A more hawkish U.S. Federal Reserve, driven by the inflationary effects of President Donald Trump's tariffs, will drive caution among Bank of Japan policymakers and make near-term interest rate hikes less likely despite ongoing inflationary pressures, MNI understands.
The performance of the global economy and financial markets will hinge heavily on the direction of Fed policy and communications over the coming months and any risk of higher U.S. rates will increase concern over a slower economy, put downward pressure on stock markets and reduce expenditures.
BOJ officials believe a worst-case scenario would see the Fed tighten rates to deal with higher inflation, which would destabilise the global economy and financial markets. However, they hope the Fed will prioritise supporting the economy in the short term rather than focusing on combating a supply-side driven inflation shock.
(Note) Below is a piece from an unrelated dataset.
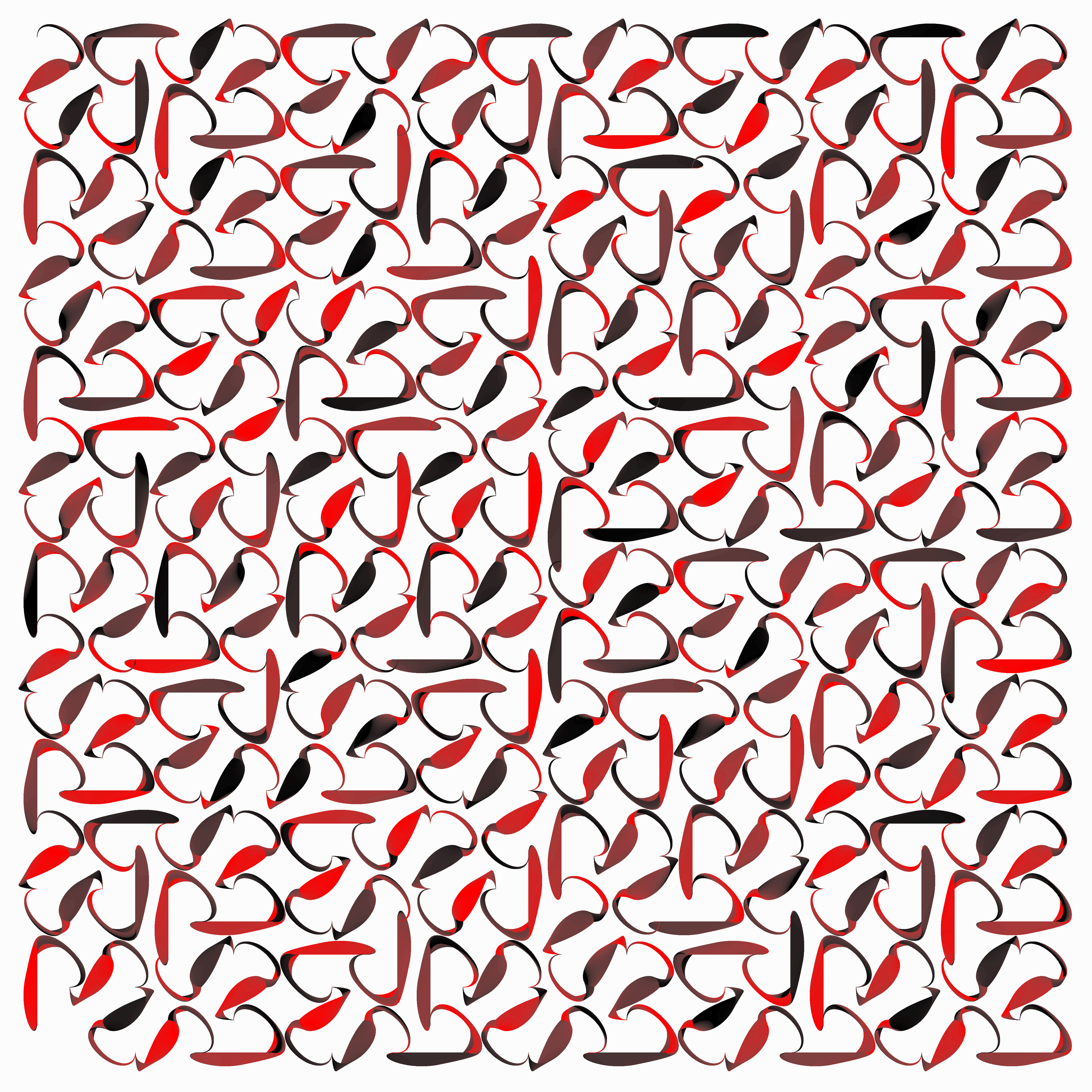 Patrón generado por delicadas formas recortadas sobre fondo blanco que constan de una parte gruesa, con un lado recto, y otra más delgada y curva que se cierra sobre la anterior en un ángulo de 45 grados. Cada parte de la forma está diferenciada también por su color, verde o rojo, y en su distribución subyace una retícula de 16x16, que se hace evidente gracias a la alineación de la parte recta de las formas con el eje vertical u horizontal de la imagen.

Powell on Friday warned Trump's tariffs could drive prices persistently higher, but said the Fed was not ready to hike interest rates, despite reaffirming the central bank’s commitment to fight inflation. "It is too soon to say what will be the appropriate path for monetary policy," he told reporters.
Governor Kazuo Ueda expressed a desire to stick to a gradual hiking strategy last month following the board's decision to hold the policy rate at 0.5%, but called for greater clarity on U.S. tariffs before the next decision on May 1. (See MNI BOJ WATCH: Ueda Sees Gradual Hikes, May 1 Possibility) While the Bank is set to continue its gradual approach to rate increases, officials will closely monitor the effects of U.S. tariffs on the domestic and global economies and their impact on Japan’s economy and inflation, before making any policy-rate adjustments.
STRONGER YEN
The stronger yen will also reduce upside price risk and give the BOJ time to access the impact of tariffs.
However, the Bank will need to consider the yen’s strength and how it affects exporters’ profits, especially as slower global growth threatens the economy’s sustainable recovery and next year’s wage increases. Meanwhile, bank officials remain mindful of the risk that a weaker yen could fuel upward pressure on prices.
BOJ branch managers noted this week firms had voiced concern over the impact of the tariffs on their profits.